First, let's start with some working definition of a lie.
A lie - making false claims; misrepresenting truth; making someone believe a thing is in order while it isn't.
What happens when a component in a system misrepresents data to another? E.g. imagine you have this dataset:
region | app_support | cdn_support eu | 1 | 1 us | 1 | 1 china | 1 | 0
And you run this query:
select cdn_support where region = "china";
What would you think of this component if it misrepresented the value as
Well, in a software component it's called a bug. In the real world, we usually don't use this word - instead, we call it a lie.
What Microsoft claims
Case 1: Pricing calculator
- Go to Azure's pricing calculator (retrieved: 2015-11-30)
- Add a CDN package
- Add "1GB" of transfer for Zone 2, which includes "Asia Pacific Japan Australia"
Observation: Estimated monthly cost is €0.12, which, given that you assume you'd get what you're paying for, implies the service is available and works in the region.
Case 2: POP locations
- Go to https://azure.microsoft.com/en-us/documentation/articles/cdn-pop-locations/ (retrieved: 2015-11-30)
Observation: claimed POP locations in Taiwan (Kaohsiung) and Hong Kong.
What we've learned from Microsoft support...
(...while trying to host an actual f@ck!ng website in regions including China and Taiwan, and users reporting incredibly bad performance.)
Microsoft is merely a reseller for Verizon Edgecast for their CDN offerings.
We ran traceroutes from a VPN in China. We got routed through Germany and to USA.
[snip a long email thread]
Us (Sunday 21:12)
Does it mean that Azure clients are only handled by US/European data centers? I might have missed a small disclaimer on your page, but the map [snip link] doesn't say anything about the limitations.
[snip apologies for delays and promises to get someone on the case]
Them (Monday 19:00)
[...] Please note however that Azure customers cannot deliver from our POPs in China today. There is no commercial agreement in place for that. So in most cases, requests that come from users inside China will route to the United States.
TLDR: 503 Service Not Available.
The droplet that overflows the jar of crap
We have struggled with several other issues.
Some deployments of our Python application randomly caused the WebApp to start throwing server errors. A workaround suggested by MS support was to log in over FTP and replace the contents of a specific platform-managed directory (a
virtualenv) with another, working version.
Where do we get the working version? Well, the platform should generate one upon each deployment. This is where I found out that our deployment script (which I've never seen before, it's also managed by the platform) was somehow replaced by a version that... seems specific to NodeJS. Wat?
Another option is to simply run
pip install -r requirements.txtfrom inside a
virtualenv, and FTP-copy that. Except, the magic has to happen on a Windows system. (What if I have none?)
An entire region (EU-West) became unavailable. We've learned this... wait for it... from our QA team, as they pointed out the website doesn't load anymore.

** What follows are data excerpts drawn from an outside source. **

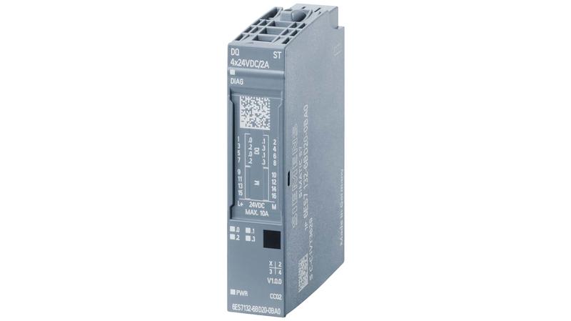 The Siemens SIMATIC ET 200SP is a digital output module, DQ 4x 24VDC/2A Standard, suitable for BU type A0, Colour code CC02, Module diagnostics._x000D_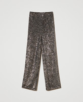 Actitude collection full sequin palazzo trousers with tulle base and side zip, inner lining.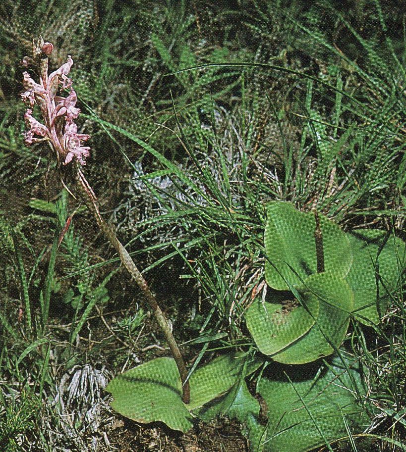 Found in Sudan, Uganda, Kenya and Tanzania in open grasslands near strams and forest margins and also on stony slopes and on rock lerdges at elevations of 2000 to 3300 meters as a small to medium sized, cold growing terrestrial with 1 to 2, ovoid to ellipsoid tubers giving rise to an erect stem with just a few, spaced out along the length sheaths and carrying 2 basal, adpressed to the ground, broadly ovate to reniform leaves that blooms in the later spring through summer on a terminal, erect, 1.6 to 5.2" [ 4 to 13 cm] long, 6 to 12 flowered inflorescence with erect, acute, brownish, similar to the sheaths floral bracts.

I dug thru the management portal to find... An "Information" that the team is investigating an alert in the region. No notification, no emails, no alert, nothing. Just a silent outage.
Azure Web Apps consistently hides simple errors and makes debugging live issues a total pain. Examples:
There's a simple shim that you're supposed to bundle with your project, that is responsible for bootstrapping the application (activate
virtualenv, import the app, etcetera). It's described in the docs as "so simple you shouldn't care it exists, you can totally just copypaste it, and it certainly has no bugs".
What it also does, is it hides
ImportErrors raised due to missing third-party dependencies during application load, and claims it can't import the application itself. The "fix" was as simple as adding a call to
except ImportError as e:- to actually see the damn error.
Can you see what's wrong with this line perhaps?
with open(os.path.join("foo", "bar.txt", "r")) as f:
Well, naturally it would try to find a (nonexistent)
foo\bar.txt\rfile, the fix is pretty obvious (move the closing paren). This is the infinitely helpful suggestion I've found in the server logs:
- IIS was not able to access the web.config file for the Web site or application. This can occur if the NTFS permissions are set incorrectly.
- IIS was not able to process configuration for the Web site or application.
- The authenticated user does not have permission to use this
- The request is mapped to a managed handler but the .NET Extensibility Feature is not installed.
Mind you, this was a line in the application code.
I've spent an hour (or two) learning all about NTFS permission models, binging around for .NET DLL loading procedures (there was no .NET code in our application, pure CPython), and otherwise pulling my hair.
(Luckily this one time, it didn't happen in the production environment.)
TLDR: 500 Internal Server Error.
My coworker suggested:
We should do a campaign called "Internal Server Error"
Azure seems to be the perfect platform for that job.